## [Requirement]
Print the lines in the listing below that fall between the line with "Suzy Levian Gold" and the line with "노견부와 법면부를 일체화하였기 때문에 설치후 깨끗하고 미려한 상태가 유지됩니다.", those two lines included, exactly as they stand and with nothing else.

## [Information shown]
=== Section Start ===

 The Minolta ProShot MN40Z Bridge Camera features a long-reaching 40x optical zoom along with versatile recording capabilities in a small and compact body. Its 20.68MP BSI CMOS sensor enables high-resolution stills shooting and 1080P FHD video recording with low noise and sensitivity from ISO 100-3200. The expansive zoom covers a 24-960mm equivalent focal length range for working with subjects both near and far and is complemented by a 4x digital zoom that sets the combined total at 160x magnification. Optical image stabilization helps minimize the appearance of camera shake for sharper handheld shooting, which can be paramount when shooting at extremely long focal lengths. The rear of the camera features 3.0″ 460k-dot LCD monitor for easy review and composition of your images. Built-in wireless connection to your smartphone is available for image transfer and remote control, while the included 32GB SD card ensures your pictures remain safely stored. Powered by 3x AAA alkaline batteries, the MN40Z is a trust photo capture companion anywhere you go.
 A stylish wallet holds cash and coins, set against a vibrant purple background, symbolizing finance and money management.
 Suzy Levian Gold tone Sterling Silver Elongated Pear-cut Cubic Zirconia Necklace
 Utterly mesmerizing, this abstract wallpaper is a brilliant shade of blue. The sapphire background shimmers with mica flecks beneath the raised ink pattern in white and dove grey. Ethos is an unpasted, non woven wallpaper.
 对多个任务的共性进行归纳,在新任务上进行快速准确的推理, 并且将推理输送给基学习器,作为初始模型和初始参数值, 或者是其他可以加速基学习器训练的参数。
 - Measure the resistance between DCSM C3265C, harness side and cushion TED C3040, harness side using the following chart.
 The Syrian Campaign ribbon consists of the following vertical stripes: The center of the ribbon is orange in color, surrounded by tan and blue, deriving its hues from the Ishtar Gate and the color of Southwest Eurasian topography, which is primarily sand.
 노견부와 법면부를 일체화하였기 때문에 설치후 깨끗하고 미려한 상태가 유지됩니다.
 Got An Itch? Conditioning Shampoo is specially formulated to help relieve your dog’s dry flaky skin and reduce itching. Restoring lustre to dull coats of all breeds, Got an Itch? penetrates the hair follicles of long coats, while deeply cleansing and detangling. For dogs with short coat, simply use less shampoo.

=== Section End ===
=== Section Start ===

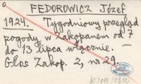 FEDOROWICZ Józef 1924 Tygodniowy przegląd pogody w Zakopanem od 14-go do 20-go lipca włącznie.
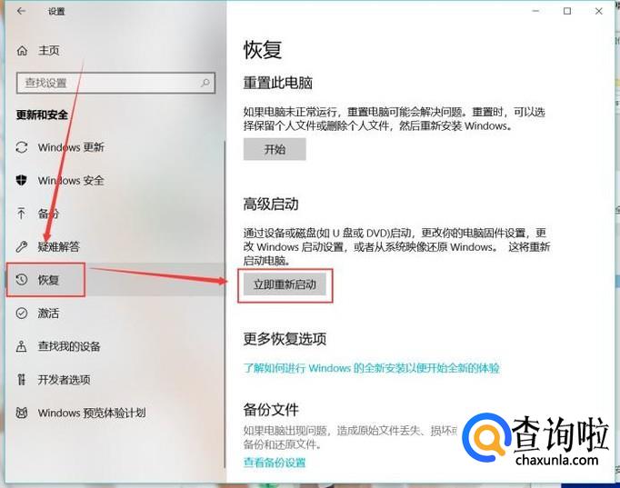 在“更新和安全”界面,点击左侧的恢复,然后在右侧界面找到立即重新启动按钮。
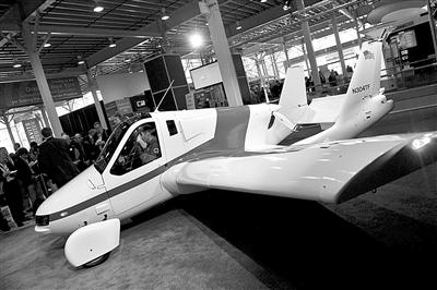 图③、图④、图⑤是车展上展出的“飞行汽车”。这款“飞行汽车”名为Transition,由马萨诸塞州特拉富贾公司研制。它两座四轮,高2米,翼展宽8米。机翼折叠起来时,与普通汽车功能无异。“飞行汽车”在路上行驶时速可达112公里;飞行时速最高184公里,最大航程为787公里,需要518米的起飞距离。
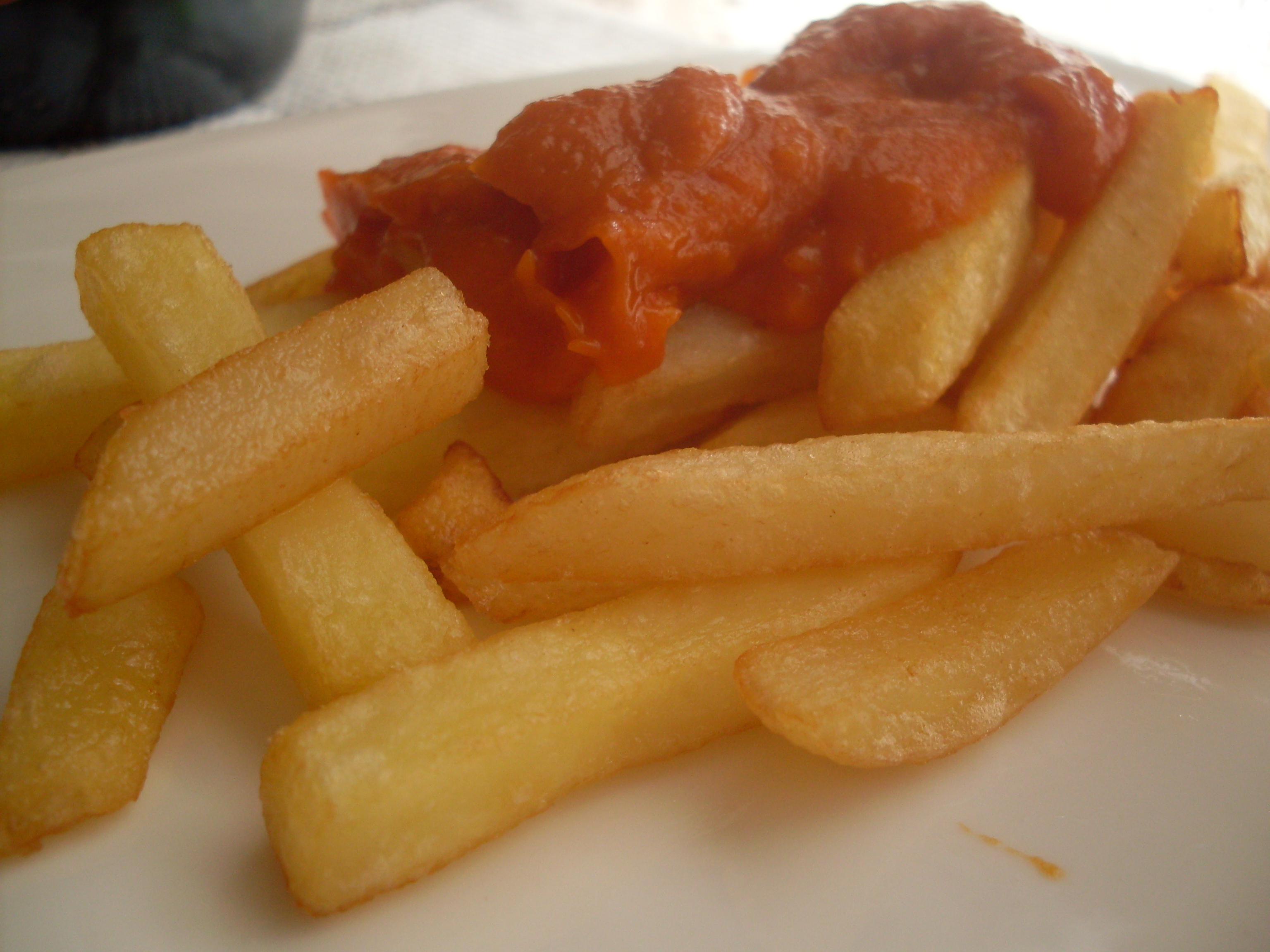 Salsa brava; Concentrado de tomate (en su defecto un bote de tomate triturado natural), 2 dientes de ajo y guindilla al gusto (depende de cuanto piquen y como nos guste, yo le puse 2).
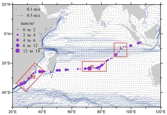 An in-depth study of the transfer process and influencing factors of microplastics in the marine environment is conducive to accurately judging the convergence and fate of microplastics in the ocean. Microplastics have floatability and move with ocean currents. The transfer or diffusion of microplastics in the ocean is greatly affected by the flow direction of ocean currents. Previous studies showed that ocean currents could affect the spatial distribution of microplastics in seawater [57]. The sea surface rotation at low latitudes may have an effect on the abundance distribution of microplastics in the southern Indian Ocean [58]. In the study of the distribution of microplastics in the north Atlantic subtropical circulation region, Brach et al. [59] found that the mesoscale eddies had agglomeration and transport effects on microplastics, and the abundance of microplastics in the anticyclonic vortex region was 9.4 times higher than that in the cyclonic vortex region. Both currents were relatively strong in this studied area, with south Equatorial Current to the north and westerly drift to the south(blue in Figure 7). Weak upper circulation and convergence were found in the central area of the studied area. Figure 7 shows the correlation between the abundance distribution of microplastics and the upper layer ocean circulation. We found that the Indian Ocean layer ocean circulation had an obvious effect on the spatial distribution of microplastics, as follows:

=== Section End ===
=== Section Start ===

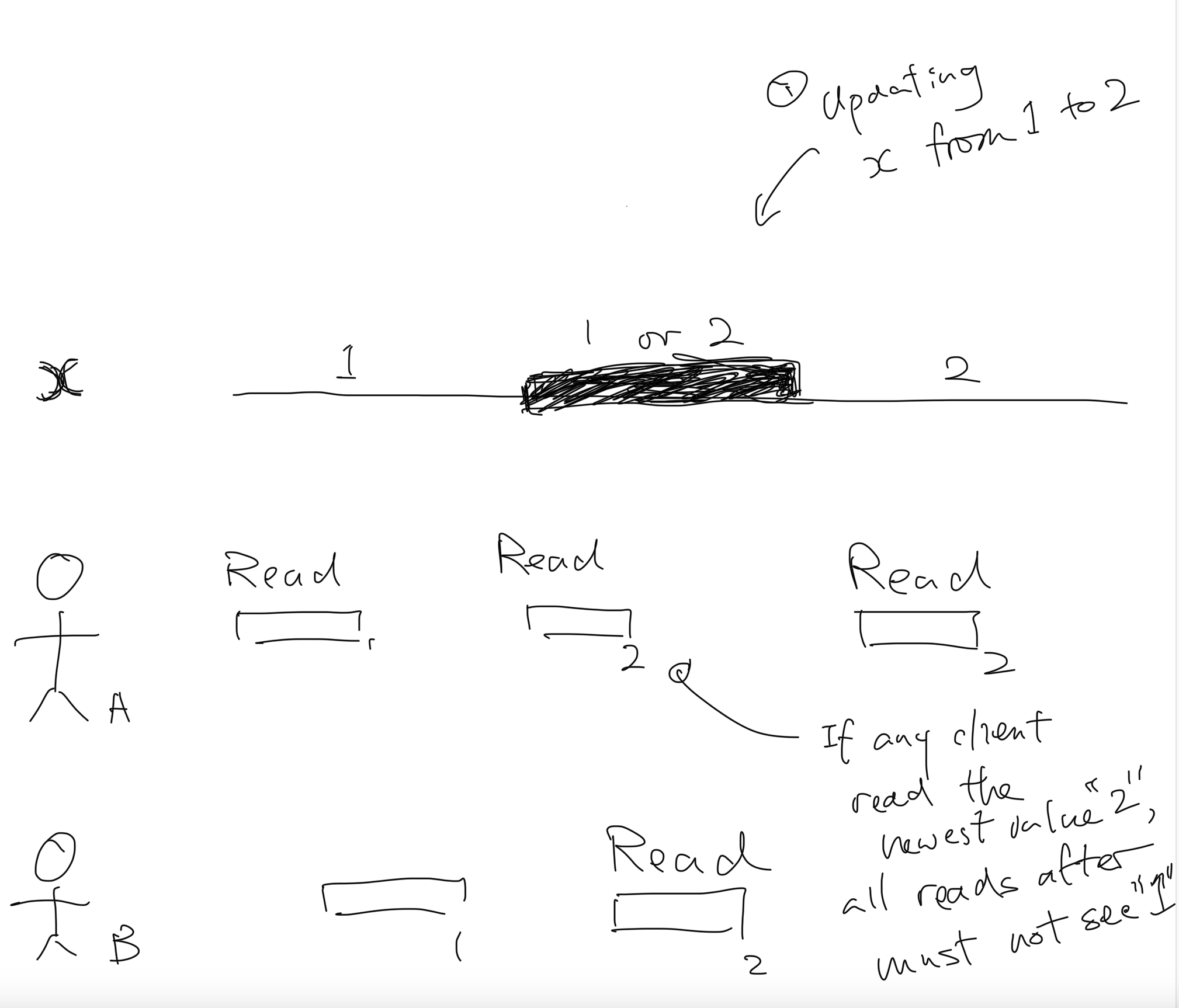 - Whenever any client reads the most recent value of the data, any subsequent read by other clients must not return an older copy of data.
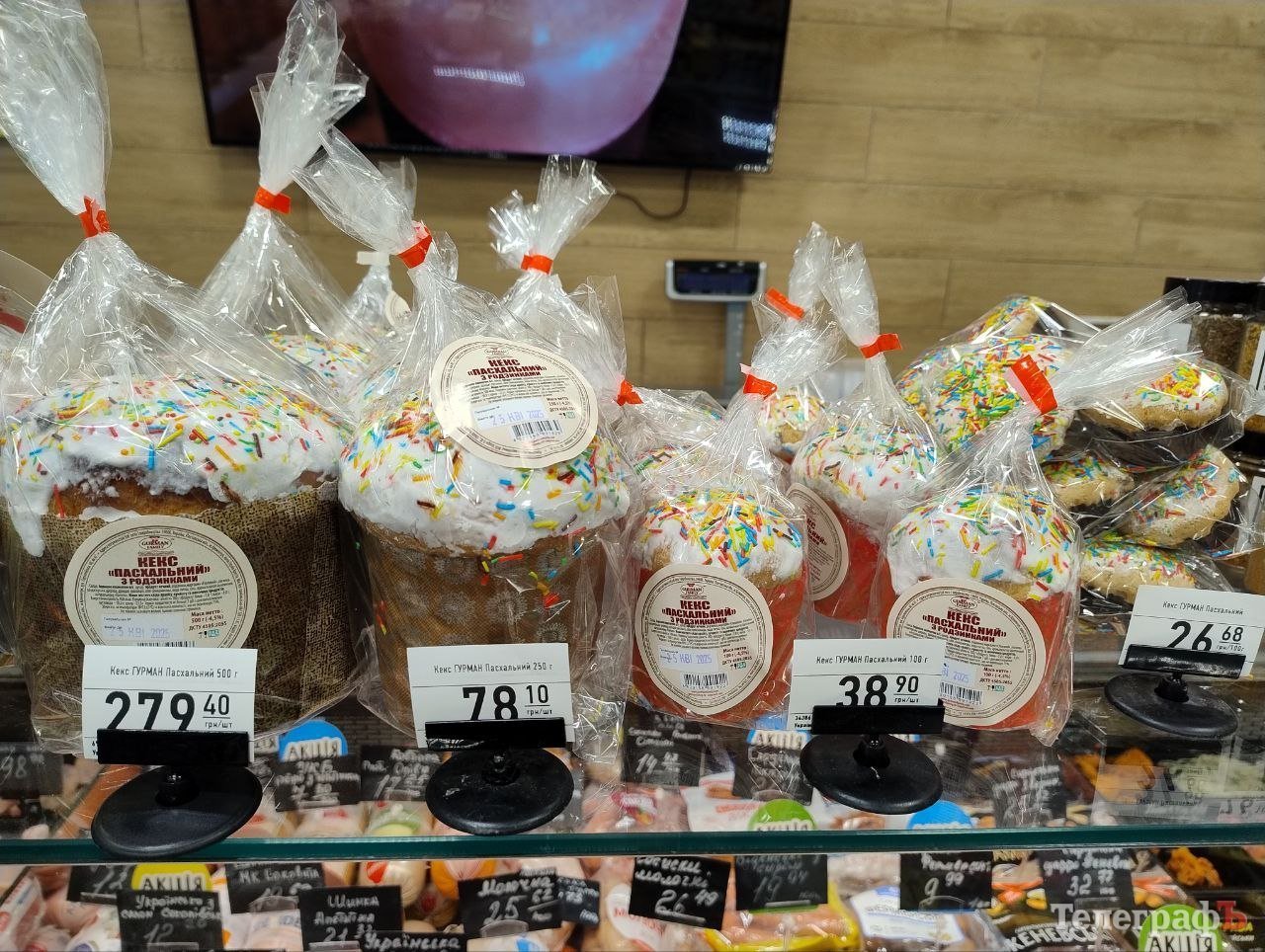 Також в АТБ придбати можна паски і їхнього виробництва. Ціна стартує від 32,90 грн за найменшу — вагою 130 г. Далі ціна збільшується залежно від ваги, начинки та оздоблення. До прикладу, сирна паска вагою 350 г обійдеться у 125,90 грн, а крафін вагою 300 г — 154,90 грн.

=== Section End ===

## [Response box]
 Suzy Levian Gold tone Sterling Silver Elongated Pear-cut Cubic Zirconia Necklace
 Utterly mesmerizing, this abstract wallpaper is a brilliant shade of blue. The sapphire background shimmers with mica flecks beneath the raised ink pattern in white and dove grey. Ethos is an unpasted, non woven wallpaper.
 对多个任务的共性进行归纳,在新任务上进行快速准确的推理, 并且将推理输送给基学习器,作为初始模型和初始参数值, 或者是其他可以加速基学习器训练的参数。
 - Measure the resistance between DCSM C3265C, harness side and cushion TED C3040, harness side using the following chart.
 The Syrian Campaign ribbon consists of the following vertical stripes: The center of the ribbon is orange in color, surrounded by tan and blue, deriving its hues from the Ishtar Gate and the color of Southwest Eurasian topography, which is primarily sand.
 노견부와 법면부를 일체화하였기 때문에 설치후 깨끗하고 미려한 상태가 유지됩니다.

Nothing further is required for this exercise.